## Exercise
Set down, exactly as written, the line containing "1️⃣ 「Repository name」を入力する(Ownerが組織の場合、別途プラン契約をする必要があるので注意)" and all the lines that follow it to the end of the entries below, omitting every picture.
:: The data ::
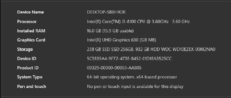 پردازنده : CPU Intel (R) Core (TM) i3-8100 3.60GHz
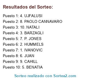 Lista de participantes: 1. IVANOVIC, 2. HUMMELS, 3. BARZAGLI, 4. UJFALUSI, 5. BENATIA, 6. JUAN, 7. P. JONES, 8. PAOLO CANNAVARO, 9. CAHILL, 10. NATALI.
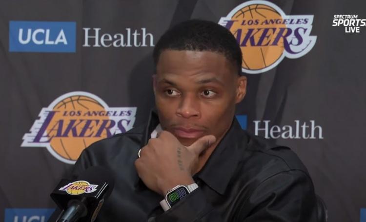 直播吧11月7日讯 今天凌晨进行的一场常规赛,湖人100比114不敌骑士。赛后威少接受了媒体的采访。
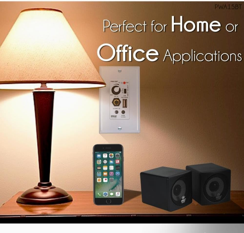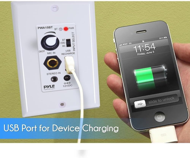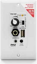 Control Bluetooth wireless music streaming in any room with the Pyle In-Wall Amplifier System. This wall plate receiver adds convenient microphone paging ability along with simple source audio control. Install the system on any wall in the home or office to unlock versatile sound configuration that is easily accessible. Built-in Bluetooth allows you to stream music to a connected intercom or speaker system hassle-free. Enjoy features like rotary control volume adjustment, 1/4'' mic input, USB port for device charging -- along with an Aux (3.5mm) audio jack for connecting and streaming audio from external devices. The rear panel speaker terminal block allows you to connect the receiver to a pair of speakers. Universal standard size gang plate fits most deep electrical boxes and allows for a clean installation. Add convenient audio control with the Pyle PWA15BT In-Wall / Wall Plate Bluetooth Audio Control Receiver.
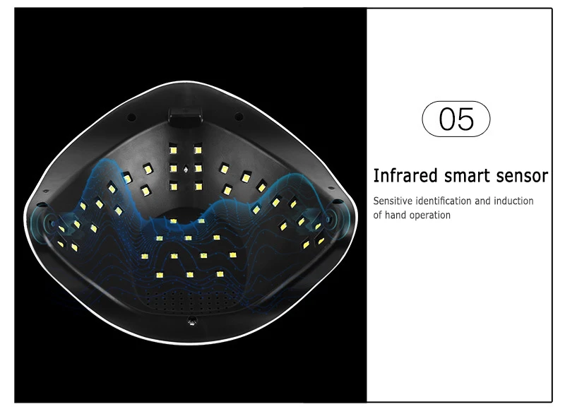 Интеллектуальная функция защиты от перегрева: уменьшает ощущение жжения и позволяет чувствовать себя комфортно во время облучения ногтей.
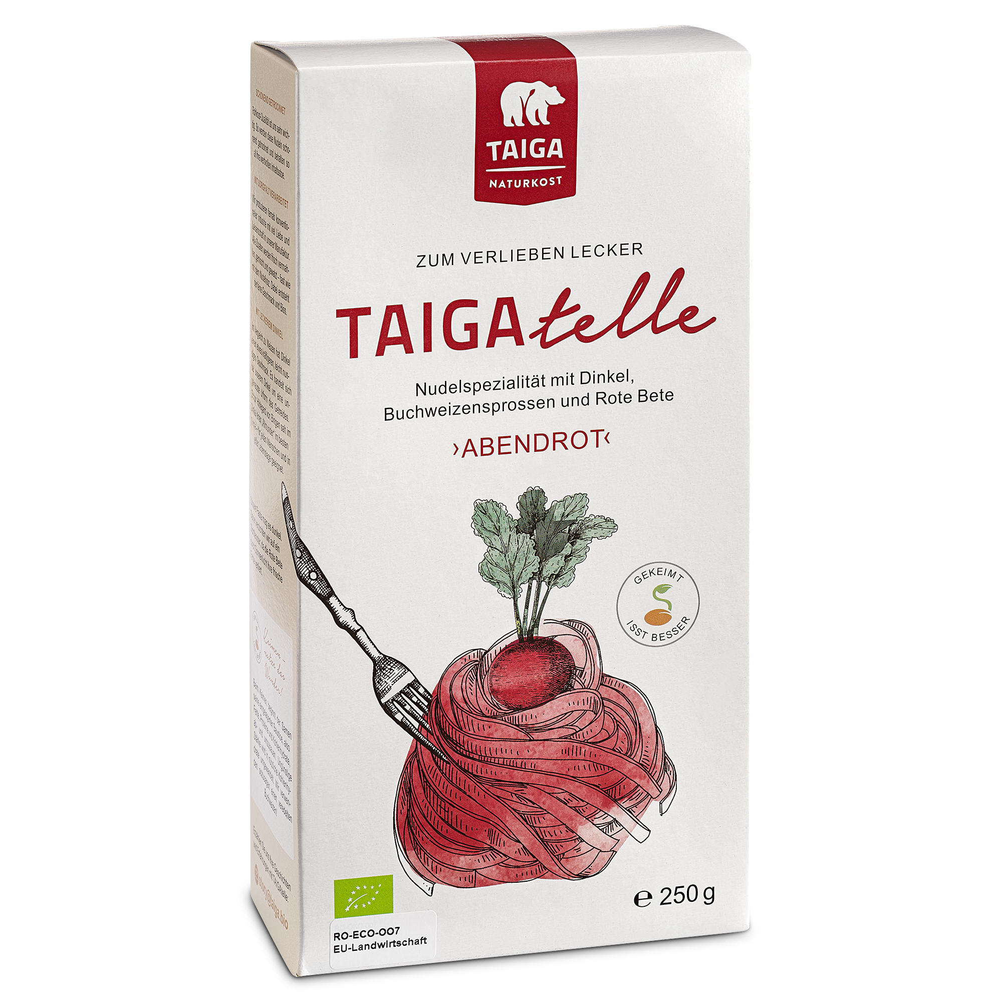 Leckere Tagliatelle „TAIGAtelle Abendrot“, aus angekeimtem Buchweizen und Dinkel. Für die wunderbare und außergewöhnliche Farbe sorgt Rote Beete.
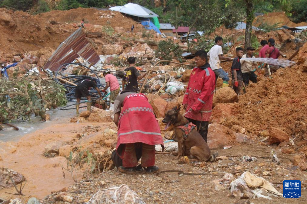 7月10日,救援人員在印度尼西亞哥倫打洛省波尼波朗戈縣遭遇山洪和山體滑坡的金礦附近開(kāi)展搜尋工作。新華社發(fā)(印尼哥倫打洛地區(qū)警察機(jī)構(gòu)供圖)
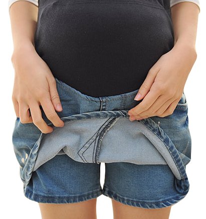 - マタニティ用のスカート風ショートデニムキュロットパンツ。
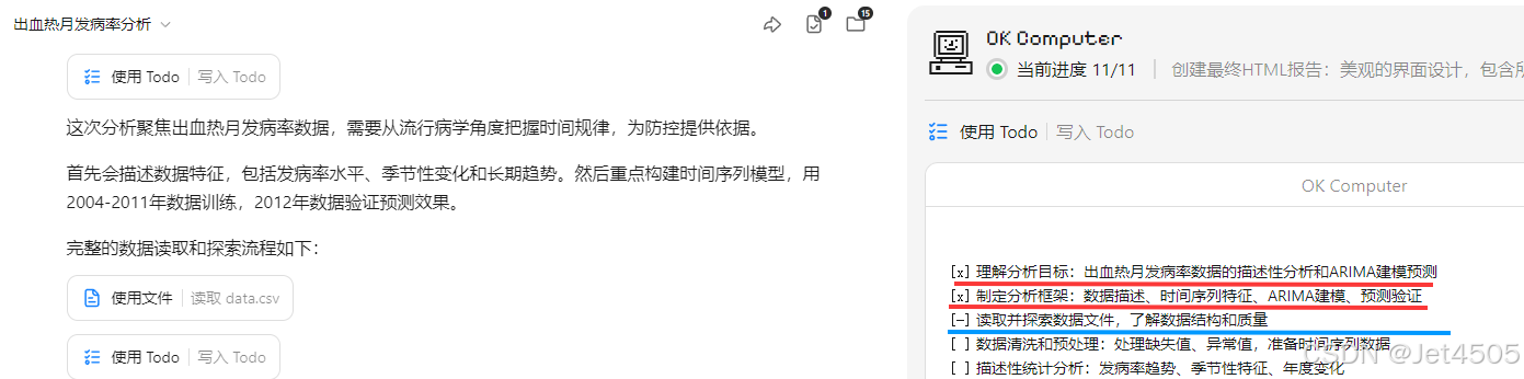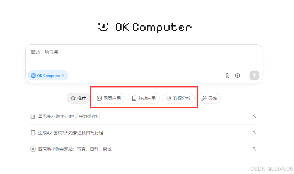只需点亮“OK Computer”按钮,即可激活相关功能。官方提供的应用场景包括“网页应用”“移动应用”“数据分析”以及“灵感激发”等。此前我已测试过Claude 3.7 Sonnet进行数据分析(ARIMA建模),整体表现只能说勉强及格。
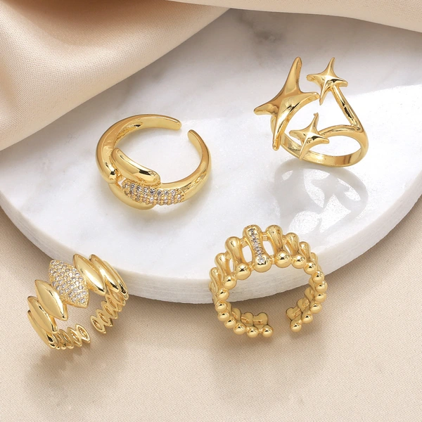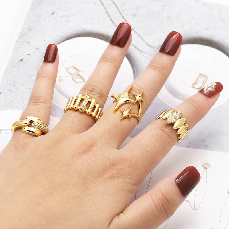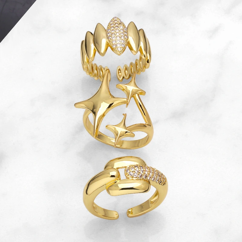 Кольцо-звезда с инкрустацией из циркона, позолоченное, геометрическое, открытое кольцо, европейская и американская индивидуальность, rir23
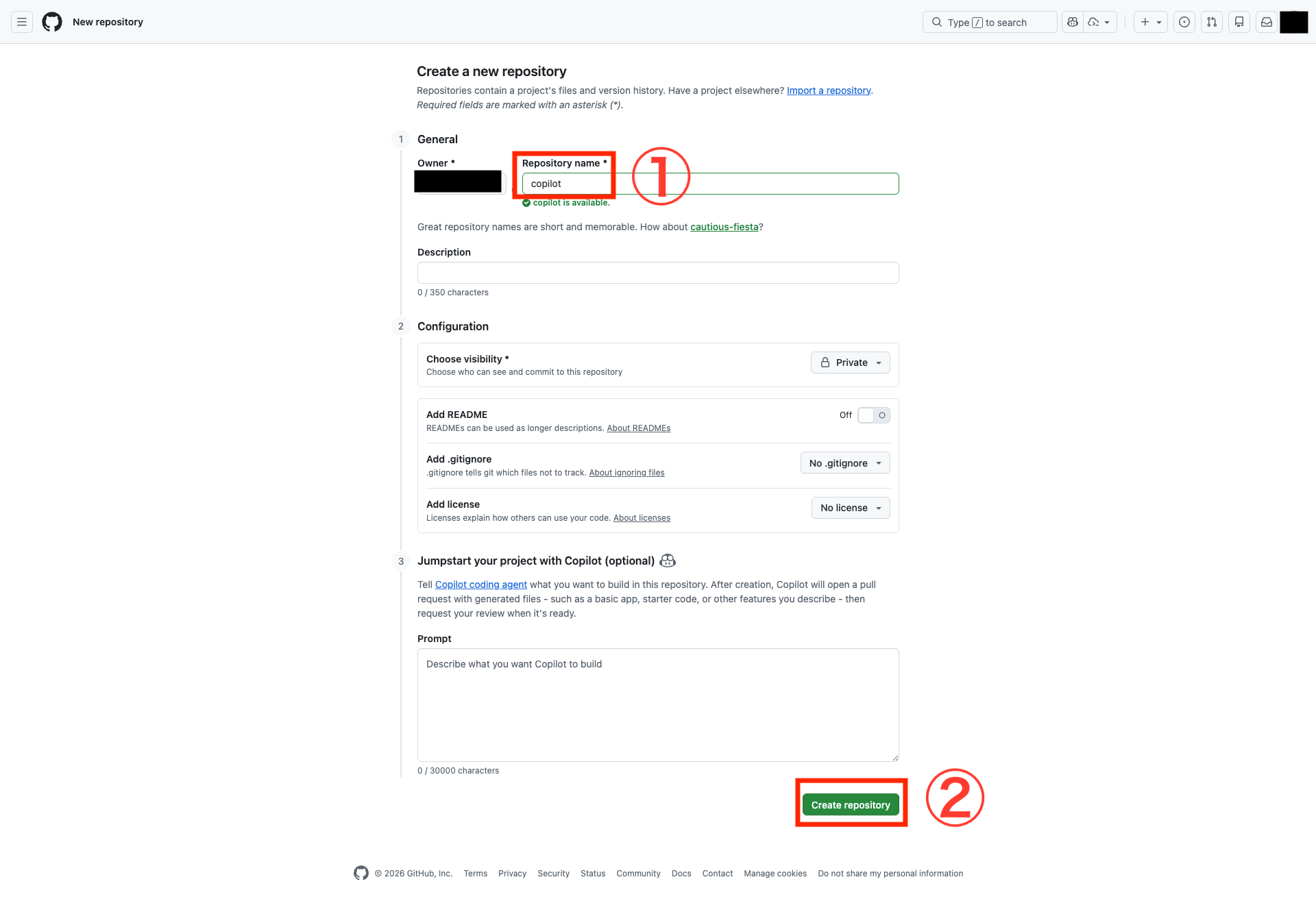 1️⃣ 「Repository name」を入力する(Ownerが組織の場合、別途プラン契約をする必要があるので注意)
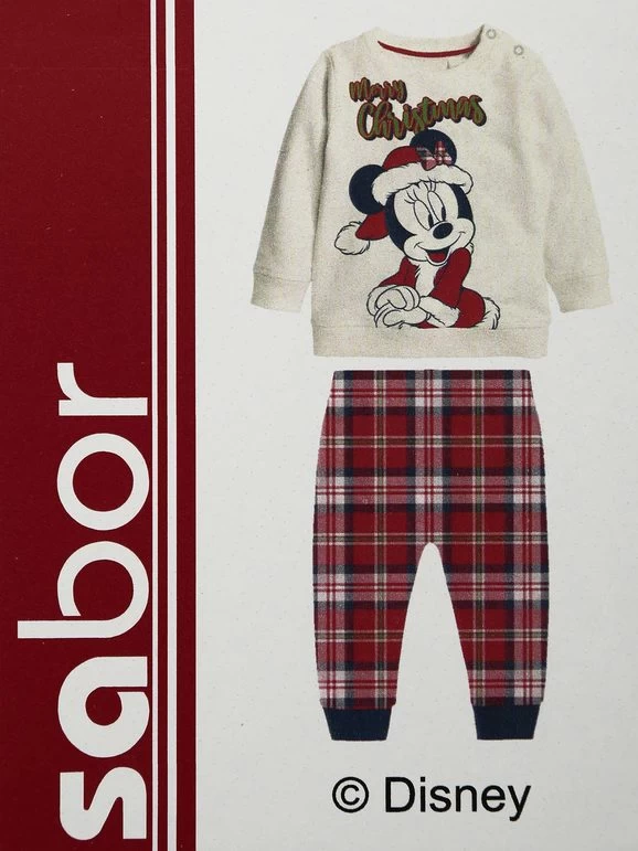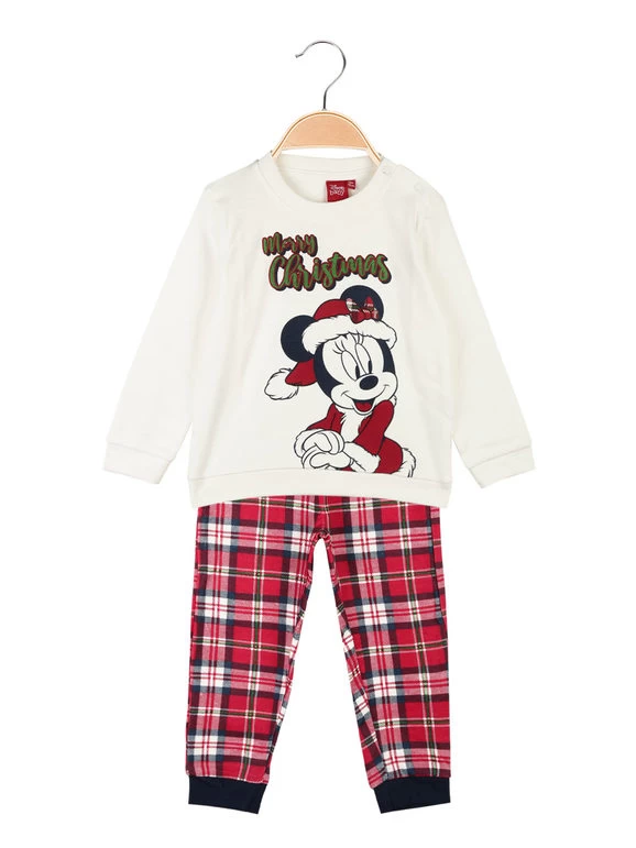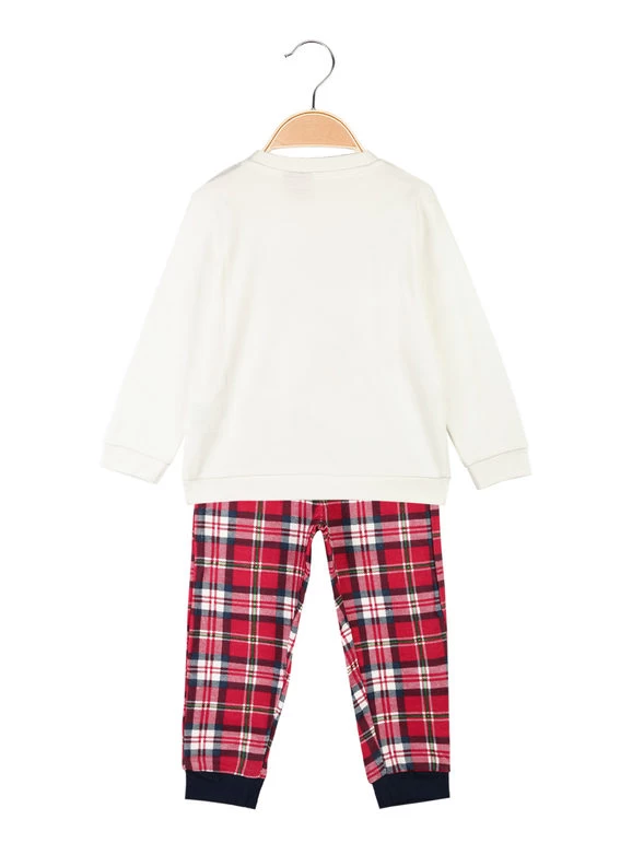 Pyjama de Noël, en coton chaud composé de : t-shirt à manches longues, boutons clip sur les épaules, imprimé design sur le devant ; pantalon avec taille et poignets élastiques au bout.
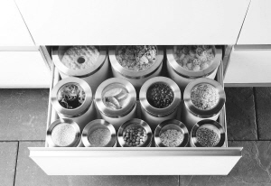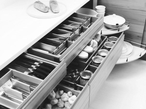 大年夜里最重要的任务当然就是要一起动手做年夜饭啦,所以厨房就需要合理的区域分配,使得大家同时在厨房操作时,依旧井然有序。例如,清洗完的一大堆食材可以放进滤碗里,不仅干湿分开,还能很快滤干食物。然后再把藏在橱柜下的小推车拉出来,多出一块立体空间,将食材分门别类地放在推车上,当然也能利用小推车为大家准备水果拼盘。
:::
## Response
 1️⃣ 「Repository name」を入力する(Ownerが組織の場合、別途プラン契約をする必要があるので注意)
 Pyjama de Noël, en coton chaud composé de : t-shirt à manches longues, boutons clip sur les épaules, imprimé design sur le devant ; pantalon avec taille et poignets élastiques au bout.
 大年夜里最重要的任务当然就是要一起动手做年夜饭啦,所以厨房就需要合理的区域分配,使得大家同时在厨房操作时,依旧井然有序。例如,清洗完的一大堆食材可以放进滤碗里,不仅干湿分开,还能很快滤干食物。然后再把藏在橱柜下的小推车拉出来,多出一块立体空间,将食材分门别类地放在推车上,当然也能利用小推车为大家准备水果拼盘。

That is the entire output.